Oxygen and CO2 concentrations were analyzed on yeast samples sealed in the chambers for intervals that varied from 20 to 60 min. Data were recorded using Sable Systems DATACAN data acquisition hardware and software. Data from the CO2/O2 analyzers were corrected to compensate for the time required for the gas sample to flow from the metabolic chambers to the analyzers and was analyzed using enrichment gas analysis macros. At the end of the sampling interval the final OD was measured for each chamber to determine the final yeast cell density. The samples were also checked for bacterial contamination by direct examination at 600X with a compound microscope. The samples remained in a fixed position in the metabolic chambers during the measurements. While yeast are typically grown with shaking in flasks, I found no statistically significant difference in growth rate of yeast cells with or without shaking in the chambers over the course of the experiments (data not shown).

Growth Assays

Yeast growth was assayed in cultures grown in 2 ml of medium contained in 35 mm diameter Petri dishes at 30°C. Liquid contained in the Petri dishes would have approximately the same surface to volume ratio as the yeast samples in the metabolic chambers. To minimize evaporation from the plates the Petri dishes were sealed in a 2 L plastic container, which had a small amount of sterile water in the bottom. Growth was assayed by recording the OD660 of 3 independent samples for each time point. Yeast density is also commonly measured using an OD of 600 nm and a set of samples was read at both OD′s to calculate the relationship between densities measured at the 2 wavelengths. There was a nearly perfect correlation between optical density measured at OD 600 and 660 (R2>0.99 for both strains) with the OD 600 reading for a sample of yeast around 15% less than the OD 660 reading. For the OD measurements the samples were diluted as necessary with H2O to ensure that the OD reading was <0.70 to maintain linearity between OD and cell number. The culture from each Petri dish was used once and then discarded. The growth rate of samples grown in Petri dishes was essentially the same as that of aliquots of the same culture simultaneously grown in the metabolic chambers.

Metabolic Rate in Varied Dextrose

To assess the influence of dextrose levels on S. cerevisiae metabolic rate, 100 µl of yeast grown in 2% dextrose was added to metabolic “boats” containing YP with an initial level of 0, 0.3, 0.9, 1.5, 2 or 4% dextrose (w/v). The initial starting OD of the samples was near 0.1. The sample was then sealed in a metabolic chamber which was sampled every 20 min for a 4 h period.

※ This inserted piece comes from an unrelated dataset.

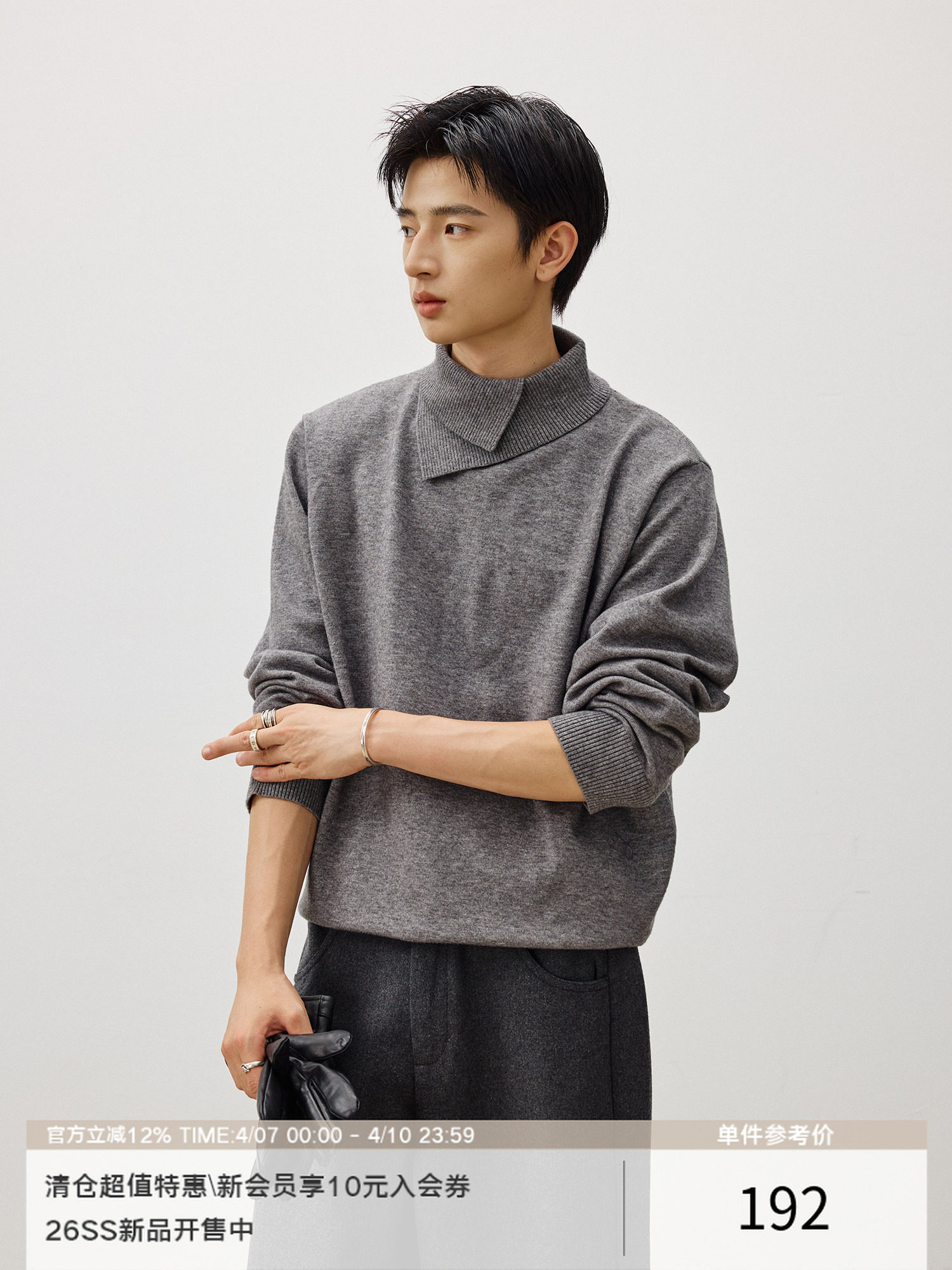 Lr Made Irregular Double-Layer Collar Warm Wool Long-Sleeve Base Layer Turtleneck Sweater Knitwear

The metabolic rate of at least six samples were assayed at each of the dextrose concentrations. The metabolic data were standardized to a relative metabolic rate of 1.0 against the second metabolic reading to control for differences in starting yeast density. The second metabolic reading was used because by this reading the gas level in the sample was in steady state with the initial gas concentration used to fill the chamber. A per cell metabolic rate was calculated for the two yeast strains by determining the number of yeast in the sample boat immediately after recording the last metabolic reading. The last metabolic reading was divided by the estimated cell number to calculate the CO2/O2 metabolic rates per cell.

Statistics

Simple statistics were calculated using the statistical analysis function in Excel. An ANOVA analysis (Systat 5) with a Fisher LSD post-hoc test was used to determine if different dextrose levels had a significant effect on yeast metabolic rate within the 2 yeast strains. The effect of varied dextrose levels on the metabolic rate between strain BY4716 and RM11 were compared to each other using a Student's T-test corrected for multiple comparisons using a Bonferroni correction.

Results

Growth and metabolic rate on varied metabolic substrates

As seen in figure 1A, when grown in 2% dextrose both the BY and RM strains show an exponential increase in CO2/O2 fluxes for ∼5 h followed by a sharp decline in metabolic rate. Growth rate also increased exponentially for ∼9 h and then slowed and reached a final cell density several-hundred fold higher than the starting density. The respiratory quotient (Figure 1B) increased over the first several hours and then declined sharply. This decrease in RQ is consistent with cells switching from aerobic fermentation of dextrose to the use of ethanol, or stored glycogen, as the metabolic substrates for respiration [19], [36]. The lower RQ observed during the first few hours is consistent with an increased use of respiratory metabolism during low growth rates [7], [8], [31]. The patterns of metabolic response and growth rate in dextrose were very similar between the BY laboratory strain and the RM strain isolated from a vineyard.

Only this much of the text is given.